Joseph Conlon





Swear by what the sages spoke....

Writing and Poetry

Physics comes first but I have always enjoyed the English language both as a reader and a writer. Learning poetry by heart (especially at a young age) places the rhythms of the English language deep into your brain and builds up a treasure chest of known, half-known and forgotten-but-comes-rushing-back-with-the-right-allusion referents that cover much of the range of human emotions and circumstances. Whatever you are feeling, someone probably said it earlier and better.

There is an important notion in physics that there are very many ways to be a great physicist (see the excellent article by Daniel Green 'Guide to Research' ). One of the pleasures of reading widely in English prose written across many centuries is the way one learns that there are very many ways to write brilliantly.

My first prose book was Why String Theory?, published by CRC Press in 2015 (the Amazon page is here), a broad defense of string theory and its intellectual values against its critics. This has continued to find readers and chapter 7 in particular has developed a life of its own on the internet, going viral at various times in various places.

I started writing (as opposed to reading or memorising) poetry around 2016/2017, originally through entering the Spectator's weekly poetry/writing competitions which involve amusing briefs (in my view these are excellent training, as they require verbal dexterity and metrical precision; it is easier to relax these from a high standard than build them up from a low one). But I am a scientist, and so at some point I started writing a poem about physics, which was originally going to be around a hundred lines. It then grew and grew and grew, and as it did I developed an inner conviction that a book-length poem on the early universe really needed to be written and that I was the best person to write it.

This poem is now Origins: The Cosmos in Verse , which appears in the UK in November 2024 and will be published by Oneworld Publications.
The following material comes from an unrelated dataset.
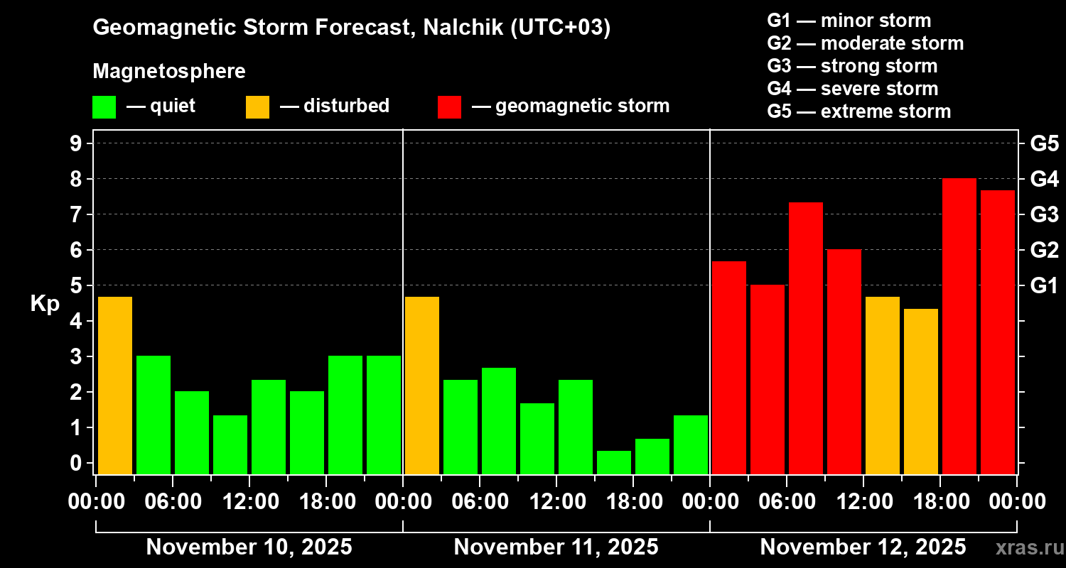 Geomagnetic storm forecast in Nalchik for Nov 10, 2025

As a self-archive, I include below some of the earlier poems from around 2016/17/18 when I started writing, and learning to write, poetry. (Needless to say, I don't (necessarily) identify my own views with the `voice' of the poem.)

The Clerk from Madras

(brief: a double dactyl on a double act)

Britishy-boffinry
Hardy and Littlewood,
Trinity mathmos who
All honours won,

Despite their brilliance
Number-theoretical,
Stand in the shadow of
Ramanujan.

And all for the sake of a Carpet

(brief: a double dactyl on a double act)

Dinafore-pinafore
Gilbert and Sullivan,
Musical masters of
Upside-down fun,

Quarrelled on matters pure
Flibbertigibberty,
Making the lawyers' lot
A happy one.

In Memoriam Alan Clark MP

(the brief: start with the last line of a well-known poem and end with its first line, on a different topic; the original is in A Shropshire Lad by AE Housman)

With flint in the bosom and guts in the head,
I sneered at my nemesis groaning in bed.
I chopped off his pecker, I boiled it in fat,
I served it up garnished with cream for the cat.

A quartet of daughters deflow'red by that wretch
Then cuckoldry horns from the priapic lech.
He wrote it; he sold it; he published it all,
Recounting his conquests from Westminster Hall.

The wine that he soured will never be sweet
But vengeance is mine with a punishment meet.
The dance of disgrace was a ballet for two -
The stars have not dealt me the worst they could do.

Don't mention St George

(the brief: a double dactyl on a contemporary personage)

Hoitety-toitety
Emily Thornberry,
Feminist lawyer and
Labour MP,

Speaks with a manner quite
Aristocratical
Save when men style her as
Lady Nugee.

How do you run a household like Maria?

(the brief: a sonnet on household tips)

You seek a house, Madame, of style and class?
A shaded path from tall iron gates to door,
Entrance to chandelier - Murano glass -
Then stairs of oak towards the ballroom floor.
When hosting friends, let food and wine be chief.
Champagne and caviar to start. Et puis?
Duxelle of truffle paired with Kobe beef
Before Yquem or Taylor's sixty-three.
A library rich with books of every year,
From classic Loeb histories of Greece and Rome
To playful verse of Betjeman and Lear.
One final touch then makes the perfect home:

The smile of love, with sangfroid of a saint,
For babes who scream and scrawl on walls with paint.

Ode to Donald Trump

(the brief: a poem of disgusting flattery to a person of power, written in heroic couplets)

But once before, one blink of history,
Did pow'r and pen attain this harmony.
With grace, with style, a fount of words to please,
Our Tully thou; old Abe Demosthenes.

Try pope and sultan, prince and potentate,
Not one approaching you in craft of state.
Here Talleyrand - he begs on bended knee
A pinch, a crumb of Trump diplomacy.

For Bach the organ, Houdini the trick,
Ramanujan the primes, Hitchcock the flick.
Artists require a clay for genius meet,
Shakespeare the play, my President the tweet.

Above this all, humbly by thou untold,
Thy care towards the poor, thy heart of gold.
By night I pray - beseech - the Trinity,
That morn by morn I learn to love as thee.